Sampling a VAT with pixel interpolation may introduce a small amount of 'data corruption', as each vertex might not precisely sample the desired frame or vertex data. Here's a visualization of four texels labeled a, b, c, and d, with a vertex initially centered on texel b. Imprecision from floating-point precision issues causes the UV to deviate slightly, resulting in the four nearest texels slightly contributing to the final sample. This issue becomes more pronounced as the VAT resolution increases, reducing the space between each texel and making the same amount of imprecision result in a greater percentage of deviation, leading to a higher amount of interpolation.

While having data from the next or previous frame participate slightly in the sample for a given frame wouldn't be the end of the world, the data from the vertex to the left or right creeping in is another story. This is really problematic because these vertices aren’t guaranteed to be neighboring vertices in the mesh, or even vertices receiving the same motion. Thus, the values encoded in neighboring texels might drastically vary, and any interpolation—even by a small amount—might result in visible corruption.

This is especially true for tools like Pivot Painter, which rely on bit-packing to encode data in a very specific way within each texel. Any interpolation, even the slightest amount, would scramble the bits and lead to complete data corruption.

Therefore, even though using GPU interpolation to achieve frame interpolation for free sounds great, Nearest sampling is often recommended, if not mandatory. This method picks the nearest texel instead of interpolating between the four nearest ones.

That said, using Nearest sampling might not even totally fix imprecision issues because of 16-bit float UVs. As you approach 4K and higher resolutions, the distance between each texel is so small that the amount of imprecision in the UVs is great enough for the GPU to pick the wrong texel for some vertices.

Here’s an example with a mesh having 4090 vertices, and thus using a 4K-wide single-frame-per-row VAT, configured to use 16-bit UVs. Nearest sampling isn’t able to resolve the interpolation issues because the wrong texels are picked!
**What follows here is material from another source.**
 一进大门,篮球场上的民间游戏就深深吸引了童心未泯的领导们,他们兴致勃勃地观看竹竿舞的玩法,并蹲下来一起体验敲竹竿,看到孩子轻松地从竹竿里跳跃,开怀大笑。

In such case, 32-bit float UVs are required (called full precision UVs in Unreal Engine). This obviously makes the mesh use more memory and should only be enabled if you encounter an issue that you're sure is caused by 16-bit float UVs.

Note that using Nearest sampling may therefore no longer be required, thanks to UVs being much more precisely centered on each texel, greatly reducing any interpolation issues. You may thus still leverage pixel interpolation once more and get frame interpolation for free—assuming the vertex count allows you to pack one frame per row! Yay!
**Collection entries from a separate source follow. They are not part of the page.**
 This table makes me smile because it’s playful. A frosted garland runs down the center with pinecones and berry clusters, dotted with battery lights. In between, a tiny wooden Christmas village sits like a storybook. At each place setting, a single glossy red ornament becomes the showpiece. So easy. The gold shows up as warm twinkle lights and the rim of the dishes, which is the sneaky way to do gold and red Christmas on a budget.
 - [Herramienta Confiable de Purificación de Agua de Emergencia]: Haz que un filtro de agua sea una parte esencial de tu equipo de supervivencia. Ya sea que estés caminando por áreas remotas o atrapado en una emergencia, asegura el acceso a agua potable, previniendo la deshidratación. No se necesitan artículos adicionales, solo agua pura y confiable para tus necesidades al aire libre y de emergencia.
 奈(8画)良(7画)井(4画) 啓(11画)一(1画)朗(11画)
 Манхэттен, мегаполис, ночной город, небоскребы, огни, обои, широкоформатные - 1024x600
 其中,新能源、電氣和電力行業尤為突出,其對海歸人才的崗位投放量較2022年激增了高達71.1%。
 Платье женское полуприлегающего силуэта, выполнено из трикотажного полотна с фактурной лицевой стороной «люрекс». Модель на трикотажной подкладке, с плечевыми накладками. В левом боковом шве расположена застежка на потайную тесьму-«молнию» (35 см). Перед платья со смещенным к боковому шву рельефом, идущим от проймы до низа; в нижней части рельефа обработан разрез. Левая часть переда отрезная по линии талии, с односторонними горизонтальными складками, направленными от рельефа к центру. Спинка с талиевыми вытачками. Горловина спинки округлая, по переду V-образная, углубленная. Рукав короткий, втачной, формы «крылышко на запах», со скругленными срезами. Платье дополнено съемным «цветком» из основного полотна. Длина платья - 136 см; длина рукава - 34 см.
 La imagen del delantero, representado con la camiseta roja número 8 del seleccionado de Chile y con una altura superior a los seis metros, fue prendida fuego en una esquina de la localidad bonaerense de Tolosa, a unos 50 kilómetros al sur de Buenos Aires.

To conclude on packing methods, there are, of course, other approaches. Here’s one more, which could be called continuous, and that best utilizes the empty pixels that you may either get with the one-frame-per-row packing scheme if requiring POT VATs, or with the multiple-rows-per-frame packing scheme.

A significant number of texels might go unused if you're not careful, especially with the multiple-rows-per-frame packing scheme. A single vertex overflow could result in an extra row of pixels with just one texel used.
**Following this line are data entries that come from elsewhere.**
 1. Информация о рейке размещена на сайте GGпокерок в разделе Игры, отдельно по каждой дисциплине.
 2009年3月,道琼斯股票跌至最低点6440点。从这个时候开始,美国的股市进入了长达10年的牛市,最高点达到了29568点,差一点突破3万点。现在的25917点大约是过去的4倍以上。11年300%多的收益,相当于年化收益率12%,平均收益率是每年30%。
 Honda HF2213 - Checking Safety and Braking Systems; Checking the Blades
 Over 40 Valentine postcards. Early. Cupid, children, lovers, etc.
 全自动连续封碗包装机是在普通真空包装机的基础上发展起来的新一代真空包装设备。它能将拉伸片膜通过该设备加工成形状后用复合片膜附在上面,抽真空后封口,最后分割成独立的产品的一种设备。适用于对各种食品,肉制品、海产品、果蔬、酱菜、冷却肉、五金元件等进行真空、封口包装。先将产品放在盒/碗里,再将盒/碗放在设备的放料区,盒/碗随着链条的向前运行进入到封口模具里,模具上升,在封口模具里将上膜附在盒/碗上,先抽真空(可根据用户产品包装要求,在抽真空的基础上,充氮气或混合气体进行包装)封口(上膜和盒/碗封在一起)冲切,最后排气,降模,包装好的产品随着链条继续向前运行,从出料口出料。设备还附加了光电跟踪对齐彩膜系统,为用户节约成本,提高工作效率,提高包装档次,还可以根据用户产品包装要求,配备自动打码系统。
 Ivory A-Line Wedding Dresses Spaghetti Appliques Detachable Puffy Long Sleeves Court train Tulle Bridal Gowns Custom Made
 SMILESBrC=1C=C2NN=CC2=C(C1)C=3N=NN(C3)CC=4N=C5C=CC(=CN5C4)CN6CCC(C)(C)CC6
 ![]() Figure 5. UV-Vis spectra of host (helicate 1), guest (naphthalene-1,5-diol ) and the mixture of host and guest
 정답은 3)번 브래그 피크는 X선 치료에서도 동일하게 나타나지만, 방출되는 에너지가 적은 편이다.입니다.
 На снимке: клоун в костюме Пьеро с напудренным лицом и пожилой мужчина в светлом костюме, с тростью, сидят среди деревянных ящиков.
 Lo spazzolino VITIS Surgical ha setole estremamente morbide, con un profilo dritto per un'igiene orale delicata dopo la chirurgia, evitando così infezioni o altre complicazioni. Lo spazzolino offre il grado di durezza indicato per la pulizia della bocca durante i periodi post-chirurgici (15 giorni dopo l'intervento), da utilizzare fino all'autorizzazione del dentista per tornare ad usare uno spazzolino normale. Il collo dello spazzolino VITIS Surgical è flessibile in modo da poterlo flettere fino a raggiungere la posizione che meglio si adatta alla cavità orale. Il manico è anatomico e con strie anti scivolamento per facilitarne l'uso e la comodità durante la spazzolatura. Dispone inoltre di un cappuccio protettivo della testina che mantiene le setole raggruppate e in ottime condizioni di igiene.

The continuous packing method simply stores one frame after the other and leaves no empty pixel. Here's an example in the case of underflow.

And in the case of overflow.

This requires a more complex algorithm to generate the UVs for sampling the VATs, and is considered experimental as it still needs thorough testing to ensure it doesn’t encounter precision issues with a high frame count. On paper, this continuous packing method promises to make the most of the VAT's resolution and allows data to be tightly packed in POT textures, ensuring wide hardware support.

Sampling a continuously packed VAT involves shifting both the U and V components independently for each frame.

0. The ratio of the frame size to the texture width must be computed. For example, if there are 400 vertices to bake and the VAT is 512 pixels wide (resulting in underflow), the frame width would be 400/512, or 0.78125.
1. The U component is offset by $(0.78125 * frame_i)$.
2. The V component is offset by the integer part of the offset U component.
3. Get rid of the integer part of the U component to get the UVs needed to sample the desired frame.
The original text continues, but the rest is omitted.